*** Given data ***

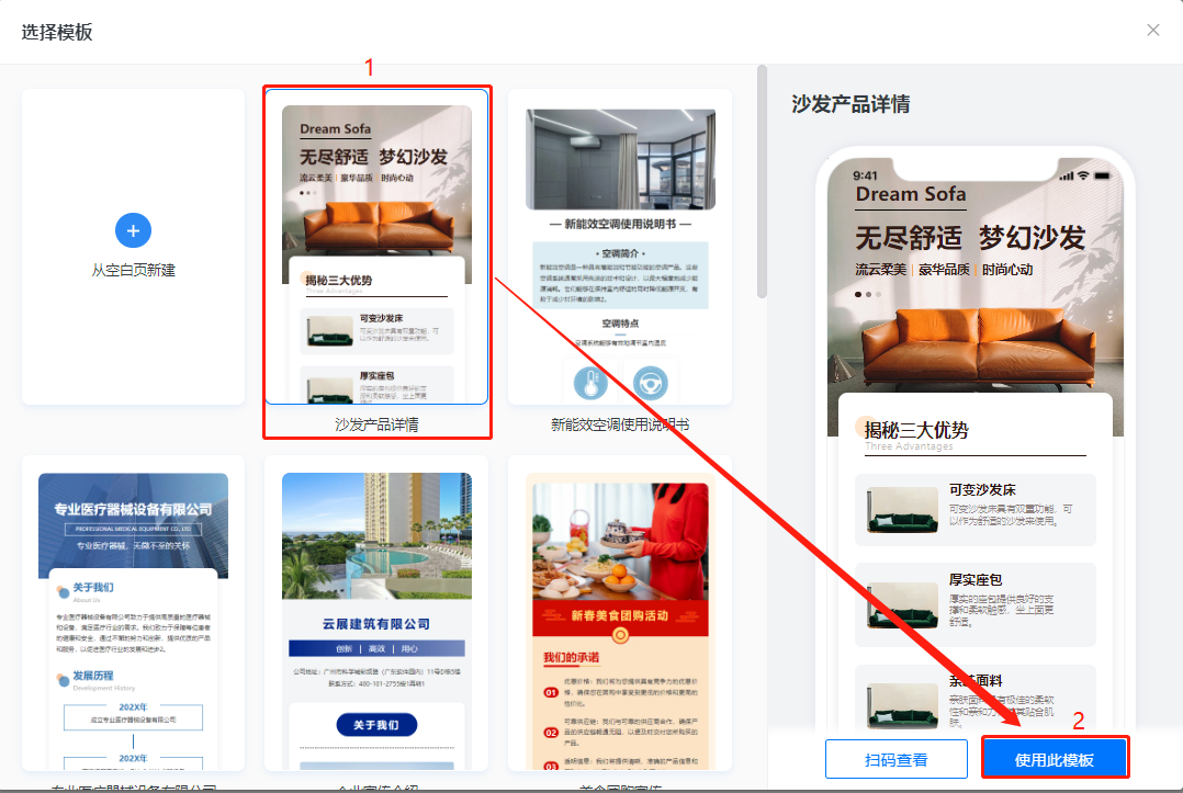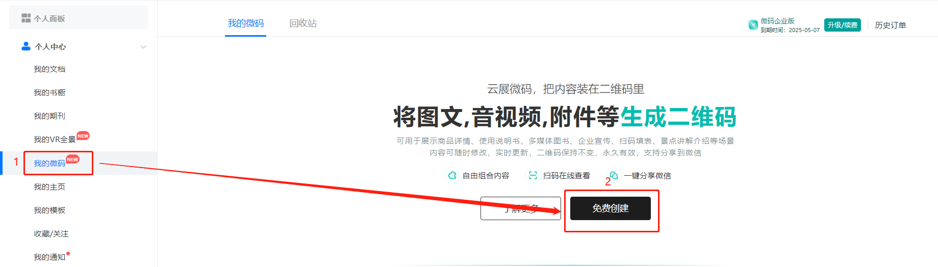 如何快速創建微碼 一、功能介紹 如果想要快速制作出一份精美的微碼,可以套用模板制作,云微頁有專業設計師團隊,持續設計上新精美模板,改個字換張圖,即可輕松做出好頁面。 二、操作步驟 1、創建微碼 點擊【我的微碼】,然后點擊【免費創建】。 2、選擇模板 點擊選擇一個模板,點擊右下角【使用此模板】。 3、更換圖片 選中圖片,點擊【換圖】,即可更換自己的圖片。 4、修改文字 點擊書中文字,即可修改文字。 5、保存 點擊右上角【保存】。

*** End of Given data ***
*** Given data ***

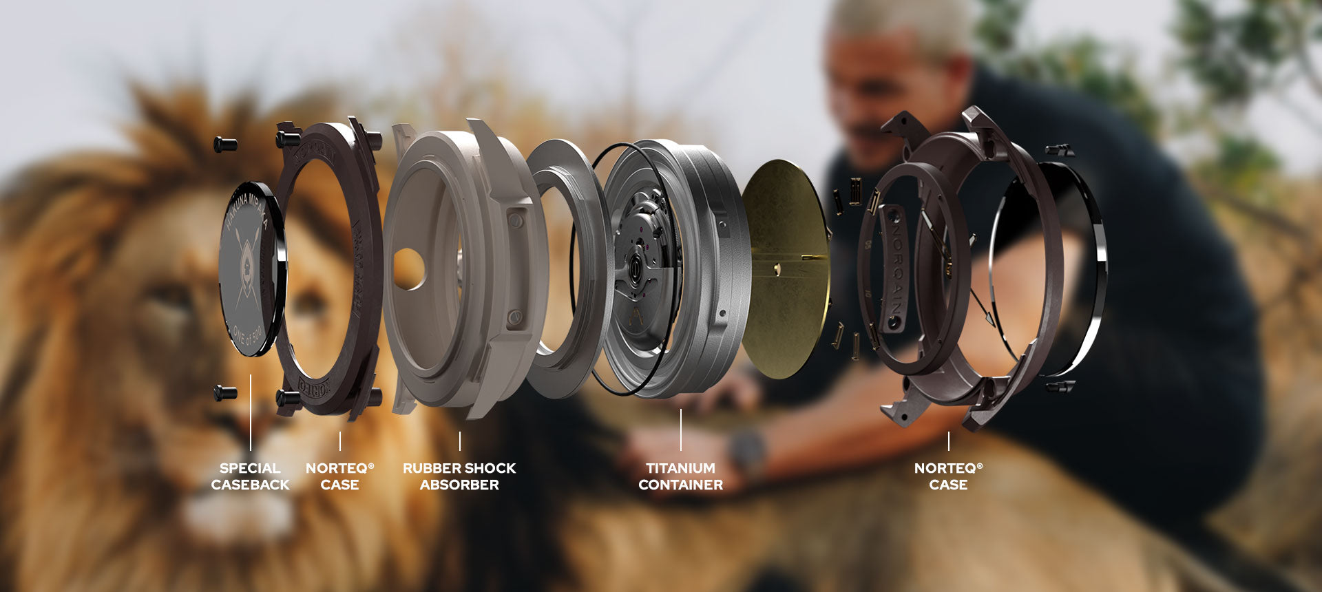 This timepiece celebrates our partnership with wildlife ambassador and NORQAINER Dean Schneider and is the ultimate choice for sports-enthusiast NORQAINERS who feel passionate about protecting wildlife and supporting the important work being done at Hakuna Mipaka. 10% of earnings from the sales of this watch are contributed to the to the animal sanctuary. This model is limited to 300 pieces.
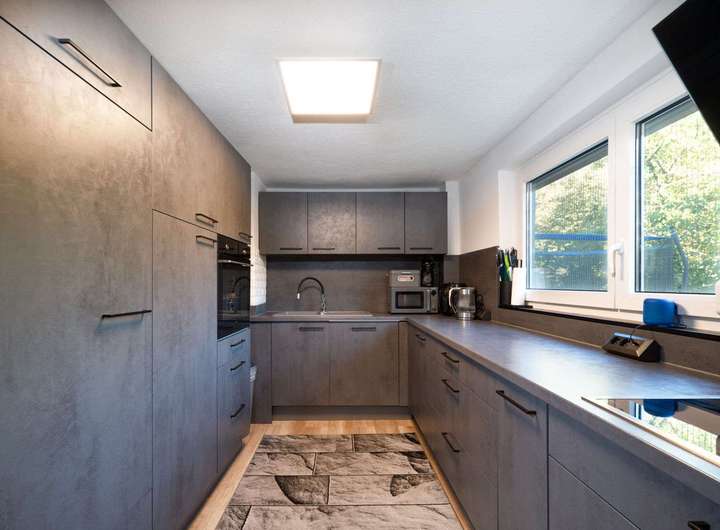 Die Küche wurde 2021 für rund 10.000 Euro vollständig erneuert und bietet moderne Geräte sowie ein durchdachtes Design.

*** End of Given data ***
*** Given data ***

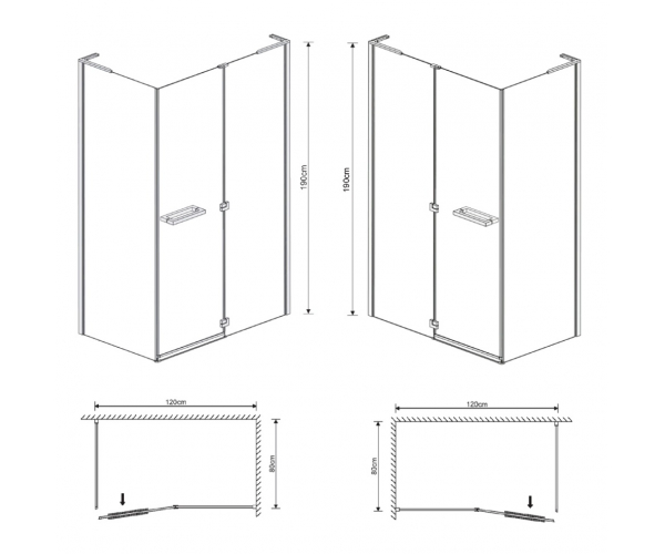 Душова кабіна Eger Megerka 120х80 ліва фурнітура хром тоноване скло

*** End of Given data ***

▸ **What to produce**: Skip every picture, and restate word for word only the lines above from the line containing "This timepiece celebrates" to the line containing "Die Küche wurde", both of them included.

▸ **Answer space**:
 This timepiece celebrates our partnership with wildlife ambassador and NORQAINER Dean Schneider and is the ultimate choice for sports-enthusiast NORQAINERS who feel passionate about protecting wildlife and supporting the important work being done at Hakuna Mipaka. 10% of earnings from the sales of this watch are contributed to the to the animal sanctuary. This model is limited to 300 pieces.
 Die Küche wurde 2021 für rund 10.000 Euro vollständig erneuert und bietet moderne Geräte sowie ein durchdachtes Design.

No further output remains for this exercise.